- _Exercise goal_: From the first line to the last, restate the material word for word, omitting pictures.

- _Data provided_:
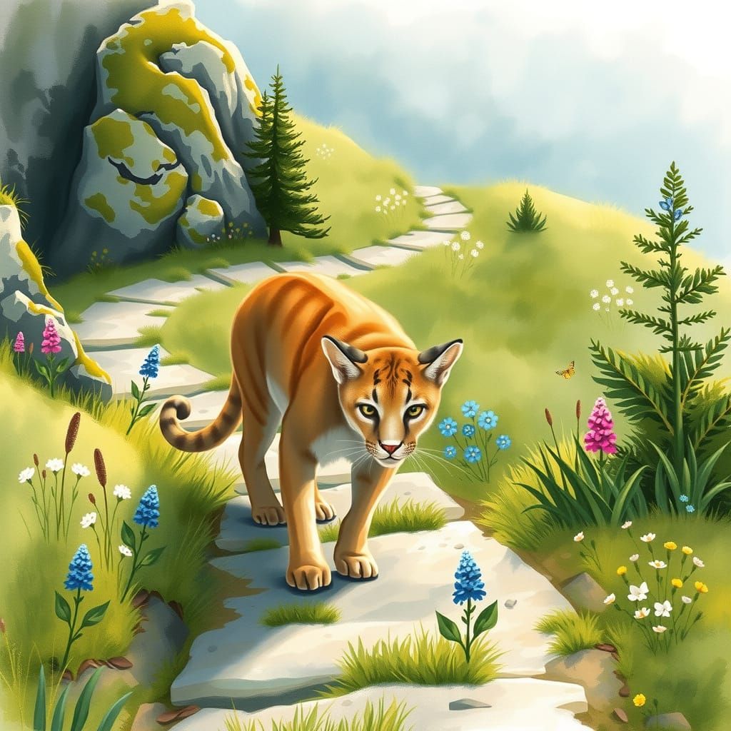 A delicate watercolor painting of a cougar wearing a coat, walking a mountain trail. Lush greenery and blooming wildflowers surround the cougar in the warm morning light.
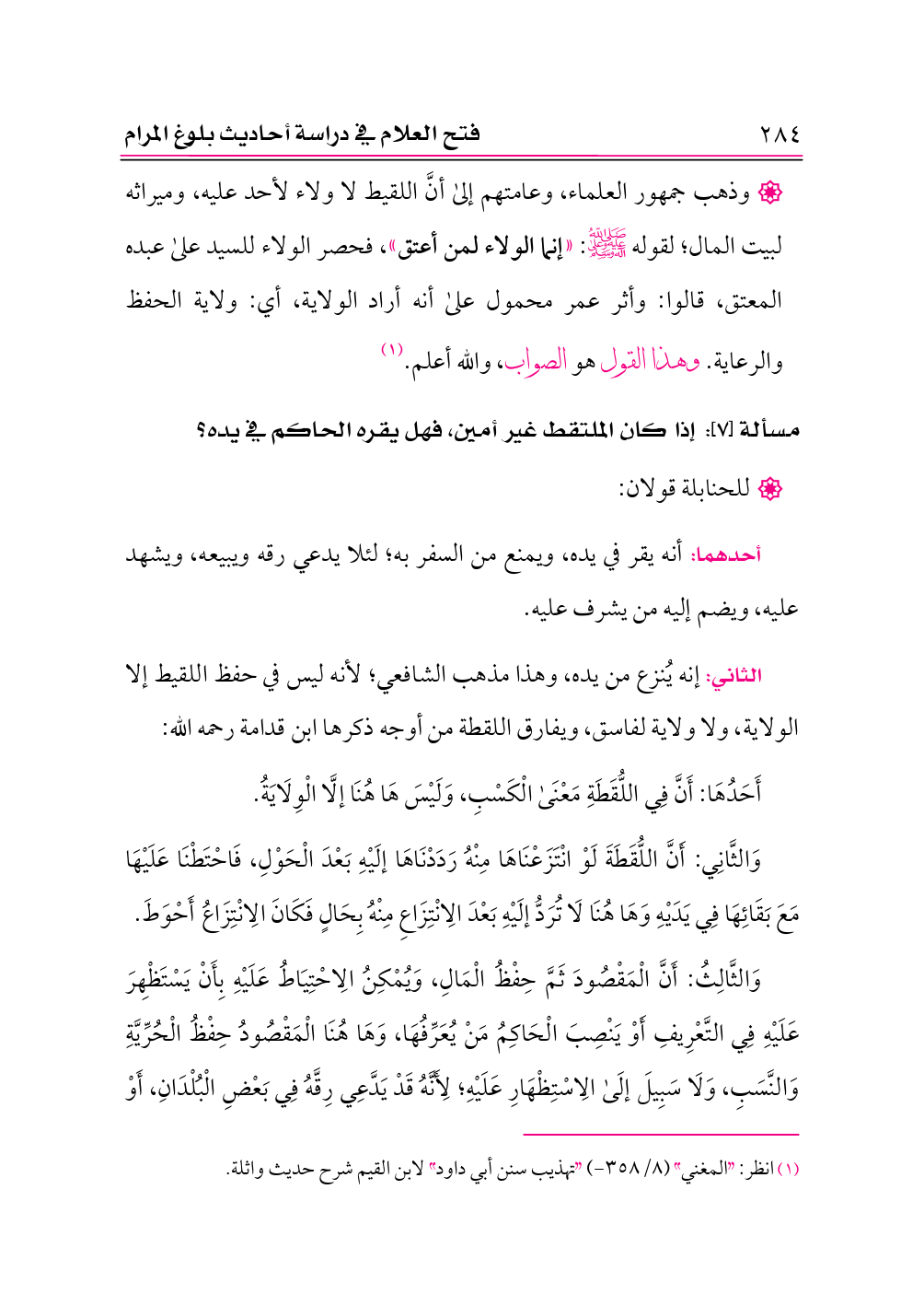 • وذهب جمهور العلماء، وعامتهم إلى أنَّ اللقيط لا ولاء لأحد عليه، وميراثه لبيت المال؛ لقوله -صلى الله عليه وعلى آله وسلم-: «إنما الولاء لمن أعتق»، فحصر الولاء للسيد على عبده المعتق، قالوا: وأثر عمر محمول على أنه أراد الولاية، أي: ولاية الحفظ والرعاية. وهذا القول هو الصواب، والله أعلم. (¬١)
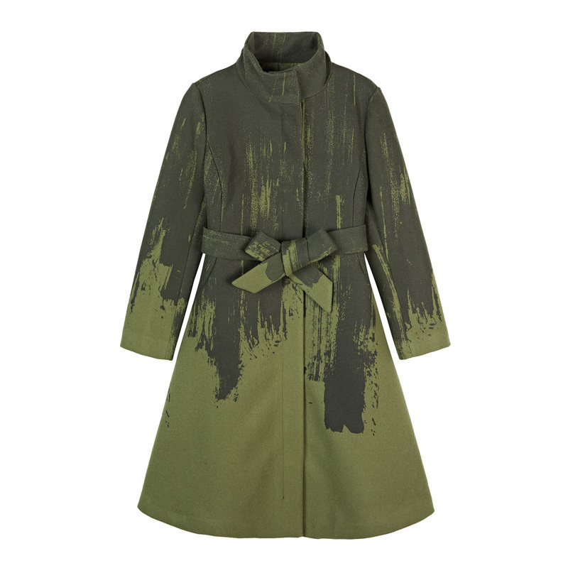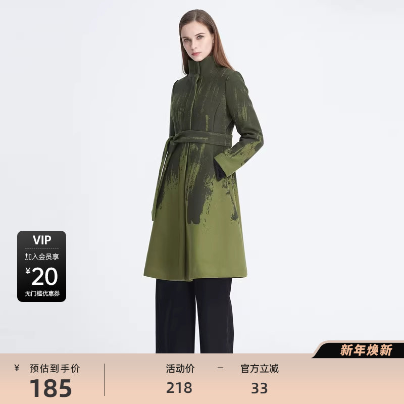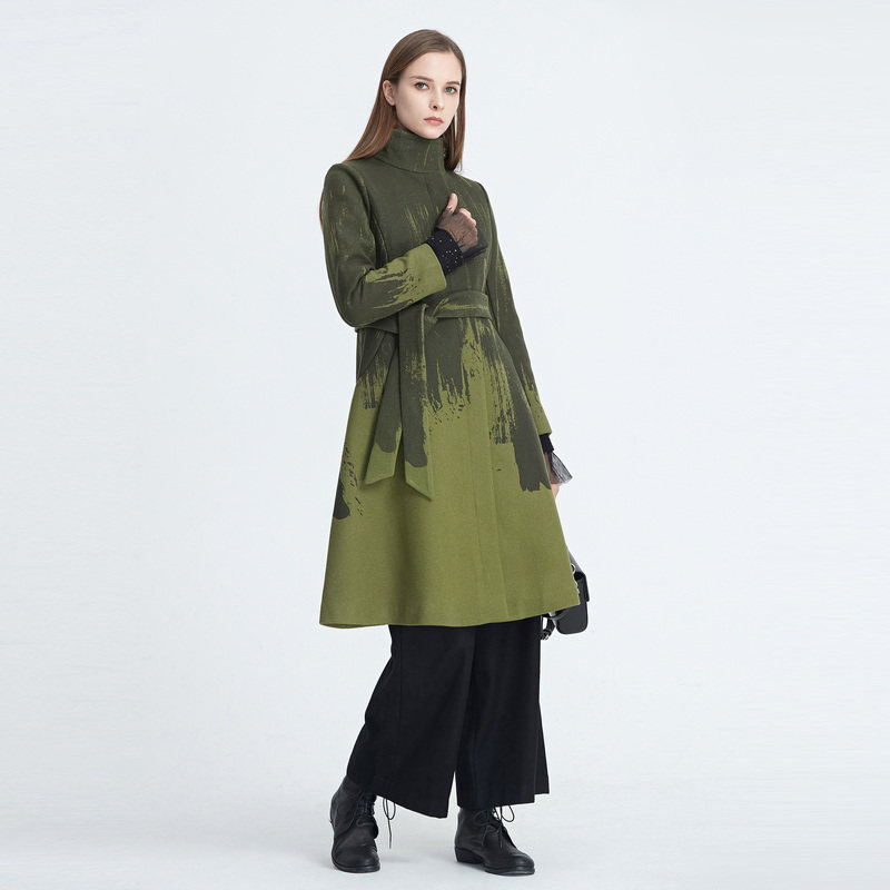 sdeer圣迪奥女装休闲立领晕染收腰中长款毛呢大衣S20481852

- _Your solution_:
 A delicate watercolor painting of a cougar wearing a coat, walking a mountain trail. Lush greenery and blooming wildflowers surround the cougar in the warm morning light.
 • وذهب جمهور العلماء، وعامتهم إلى أنَّ اللقيط لا ولاء لأحد عليه، وميراثه لبيت المال؛ لقوله -صلى الله عليه وعلى آله وسلم-: «إنما الولاء لمن أعتق»، فحصر الولاء للسيد على عبده المعتق، قالوا: وأثر عمر محمول على أنه أراد الولاية، أي: ولاية الحفظ والرعاية. وهذا القول هو الصواب، والله أعلم. (¬١)
 sdeer圣迪奥女装休闲立领晕染收腰中长款毛呢大衣S20481852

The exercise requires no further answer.